Der Spieler wird zwar gereizt, einen Amoklauf zu starten, nötig ist dies jedoch nie. Einige Missionen bringen den Spieler allerdings in ernste Gefahr, so dass er ermutigt wird, die Angreifer zu töten. So wird beispielsweise in der Mission „Beichten in der Kirche“ nach dem Beichtvorgang eine Zwischensequenz eingeblendet, in der Al-Qaida-Terroristen die Kirche stürmen und deren Besucher angreifen. Auf den Spieler wird unweigerlich geschossen, ob er nun selbst bewaffnet ist oder nicht. Zwar ist es nie Pflicht, das Feuer zu erwidern, doch ohne Gewalteinsatz ist es vor allem bei höheren Schwierigkeitsgraden beinahe unmöglich, eine solche Situation heil zu überstehen.

Die Aufgaben laufen allerdings nicht immer nur auf einen potentiellen Amoklauf hinaus, sondern lockern das Spiel oft mit kontroversem Humor auf.

In einer Mission ist es beispielsweise die Aufgabe des Protagonisten, auf das Grab des eigenen Vaters zu urinieren, wobei ihn zwei Hinterwäldler erwischen, entführen und sexuell missbrauchen wollen, was sich dadurch kennzeichnet, dass der Protagonist von nun an ein Lack- und Lederoutfit trägt, das es schnellstens zu wechseln gilt.

Der Spielverlauf wird von sarkastischen Sprüchen des Postal Dude begleitet, der Ereignisse und Situationen kommentiert.

Im Spiel gibt es immer wieder Referenzen auf die reale Welt. So arbeitet der Spieler zu Beginn bei den Spieleentwicklern RWS, deren Geschäftsräume von einer Gruppe Demonstranten belagert werden, die gegen gewalttätige Computerspiele protestieren. Ironischerweise stürmen diese dann selbst die Geschäftsräume sehr gewalttätig.

Einige weitere kontroverse Spielfeatures und Ereignisse:

  • mit Anthrax gefüllte Kuhköpfe als Waffe
  • Katzen lassen sich als Schalldämpfer für die Schrotflinte und das Sturmgewehr missbrauchen
  • Crack-„Gesundheits“-Pfeifen, die den Spieler heilen und sogar zusätzliche Lebensenergie verleihen, jedoch zur Sucht und Entzugserscheinungen führen
  • die Möglichkeit des Spielers, auf Mitmenschen zu urinieren und diese dadurch zum Sich-Übergeben zu bringen oder aber auf sich selbst, um sich zu löschen, falls er in Brand gerät
  • Islamische Terroristen, die einen Selbstmordanschlag auf eine Kirche verüben
  • Als Dude seinen Onkel Dave, einen Kultführer, besuchen will, muss er feststellen, dass die Ranch des Kultes von Truppen des ATF umstellt ist.

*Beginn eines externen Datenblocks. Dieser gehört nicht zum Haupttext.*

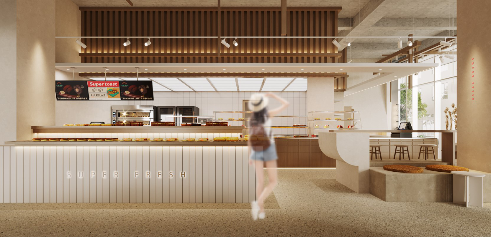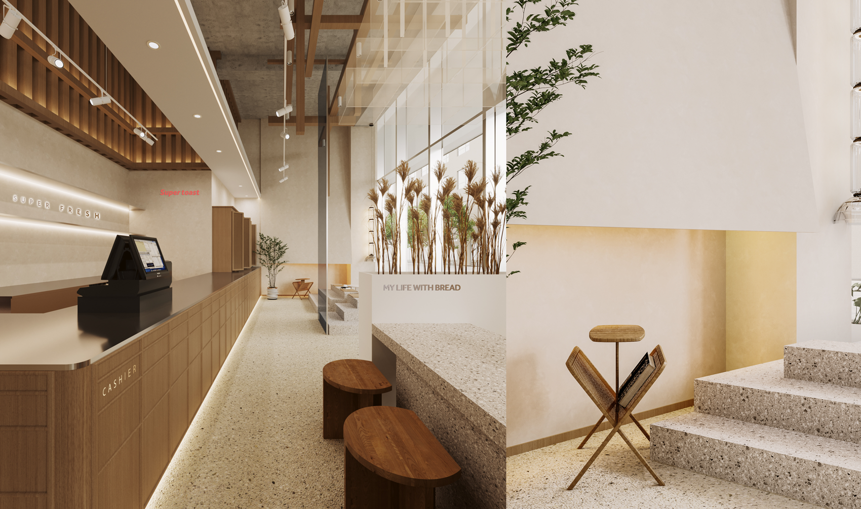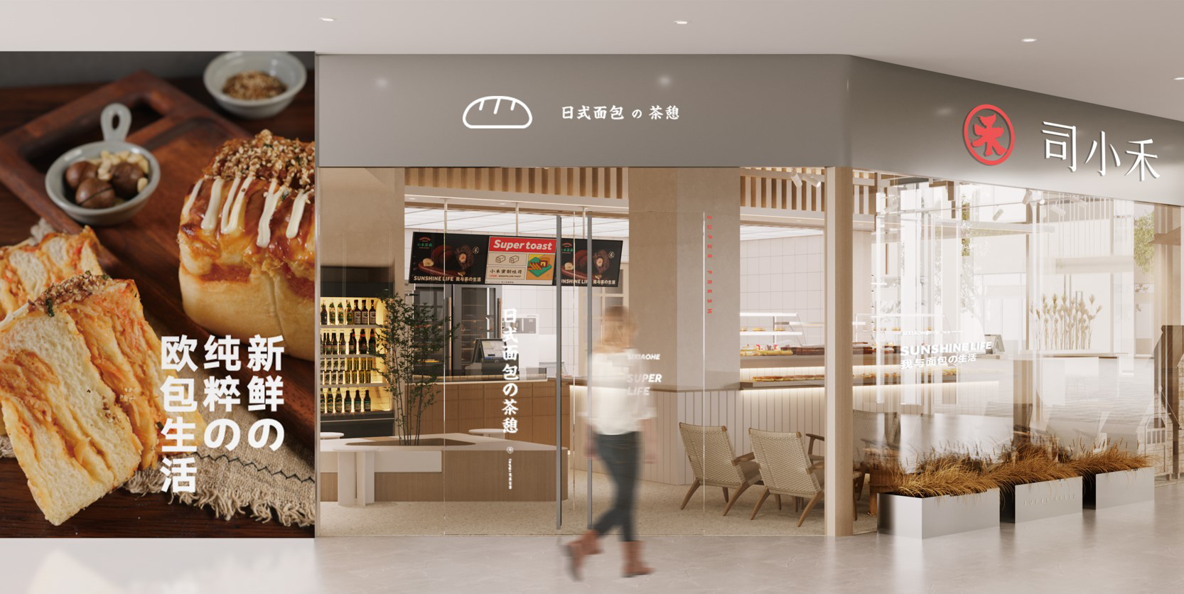 基于司小禾面包的“做有温度的面包”的概念,我们通过直观地手法,运用谷物与豆类的麦芽色调,采用木质材质,突出了空间的丰富度与温度,营造了一种置身于麦田的氛围感。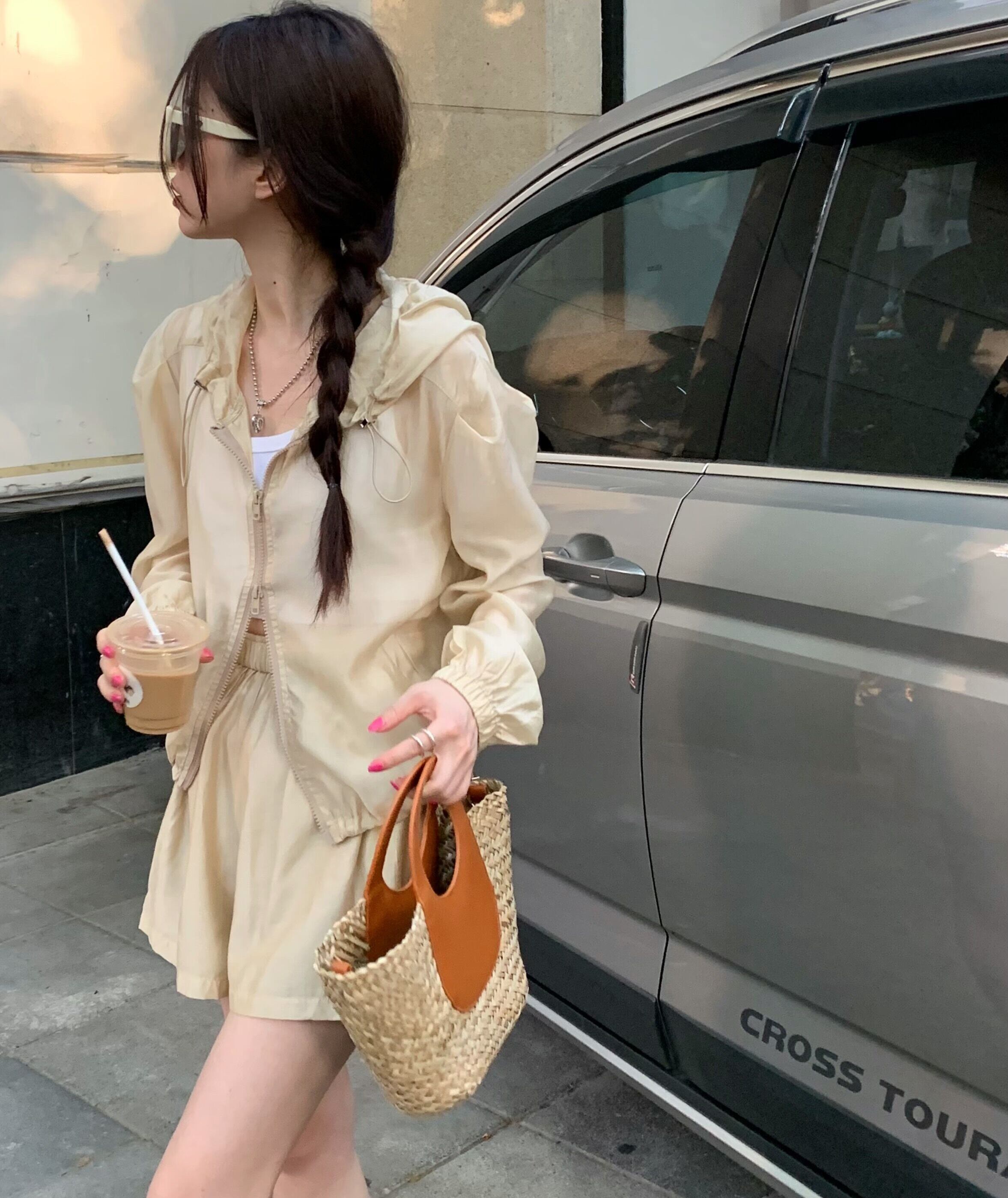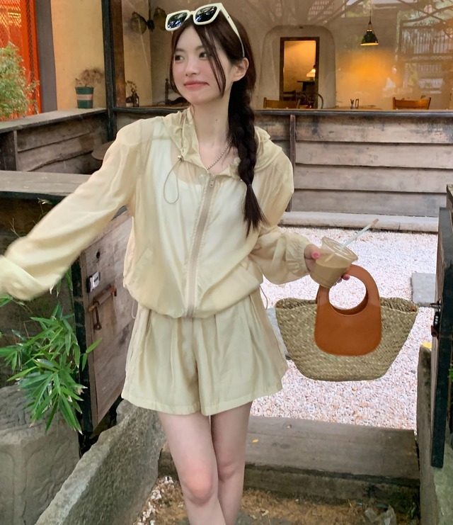 ジャージ セットアップ パーカー ジャケット ショートパンツ 上下セット 2点セット ボトムス パンツ アウター ズボン ショート丈 ミディアム丈 袖あり 長袖 フード付き ファスナー ハイウエスト 前開き ウエストゴム ツーピース かわいい 大人可愛い シンプル カジュアル 大人 おしゃれ お洒落 こなれ感 スポーティー ルーズ 無地 春 夏 秋 10代 20代 レディース 通勤 学生 通学 デート お出かけ 女子会 休日 旅行 着回し 普段使い 韓国 ゆったり ゆる フリーサイズ 色展開 クリーム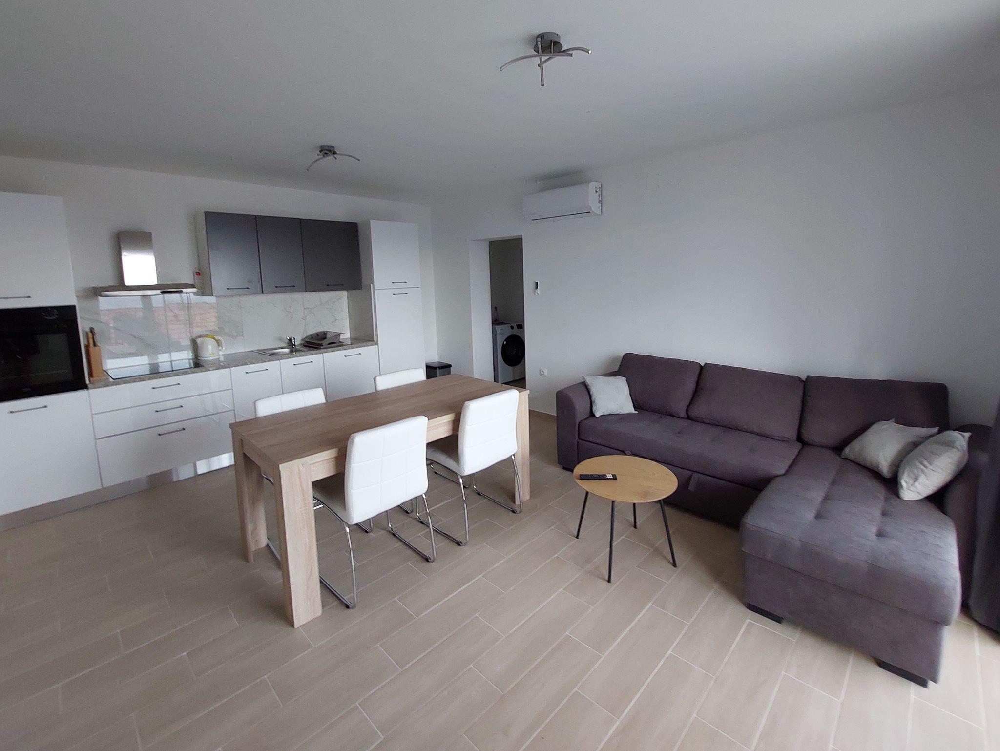 Ferienwohnung bietet Platz für 4 Gäste. Die Betten sind in Schlafzimmern, die es 1 gibt, und in Wohnzimmer, innerhalb einer Gesamtfläche von 48m2, angeordnet. Die Gäste haben eine eigene Terrasse zur Verfügung, auf der sie in warmen Sommernächten genießen können. Das Apartment bietet Meerblick. Es ist erlaubt, Speisen auf dem Gemeinschafts-Grill vorzubereiten. In der Unterkunftseinheit besteht die Möglichkeit des Mitbringens von Haustieren gegen Aufpreis. IM PREIS INBEGRIFFEN: Kurtaxe, Endreinigung, Klimatisierung, Parkplatz, Internet, Bügeleisen, Bügelbrett, Föhn, tragbarer Grill. VERBINDLICHE ZUSÄTZLICHE KOSTEN: Aufzahlung für Kurzaufenthalte (prozentualer Zuschlag pro Nächtigungsanzahl: 30% - 1, 20% - 2, 10% - 3). UNVERBINDLICHE ZUSÄTZLICHE KOSTEN: Haustiere (10,00 € pro Nacht). Die Verfügbarkeit zusätzlicher Dienstleistungen in Ihrem reservierten Termin und die Preise derselben (falls nicht aufgeführt) müssen im Voraus überprüft werden. Zusätzliche Dienstleistungen die in der Zahlungsaufforderung nicht aufgeführt sind werden direkt beim Vermieter bezahlt, angenommen der Gast nutzt auch diese. Ermäßigung auf den Grundpreis: Gratistag 14=13 (bei einem Aufenthalt von 14 Tagen oder mehr erhalten Sie einen Gratistag für den Aufenthalt bis 31.12.26).

Dies ist eine offensichtliche Anspielung auf die Waco-Belagerung.
  • Es gibt eine versteckte Mission, in der man Osama Bin Laden töten muss.

Erweiterungen

Das Add-on Postal²: Share The Pain erweitert das Spiel um eine Multiplayerfunktion. Diese Version beinhaltet jedoch auch die normale Einzelspielerversion. Der Multiplayerteil von Postal²: Share The Pain wurde am 20. Mai 2008 zum kostenlosen Herunterladen bereitgestellt.

Das Add-on Postal²: Apocalypse Weekend, ist seit Mitte Mai 2005 erhältlich. Es erweitert das Hauptspiel, das in der Woche von Montag bis Freitag spielt, um das Wochenende. Im Gegensatz zum Hauptspiel ist das Add-on linearer aufgebaut, der Spieler kann also seine Wege nicht mehr so frei wählen, wie es im Hauptspiel möglich war. Dadurch gibt es aber eine viel dichtere Story als im Hauptspiel. Es spielt weiterhin in der fiktiven Stadt „Paradise“, die aber um neue Areale erweitert wurde.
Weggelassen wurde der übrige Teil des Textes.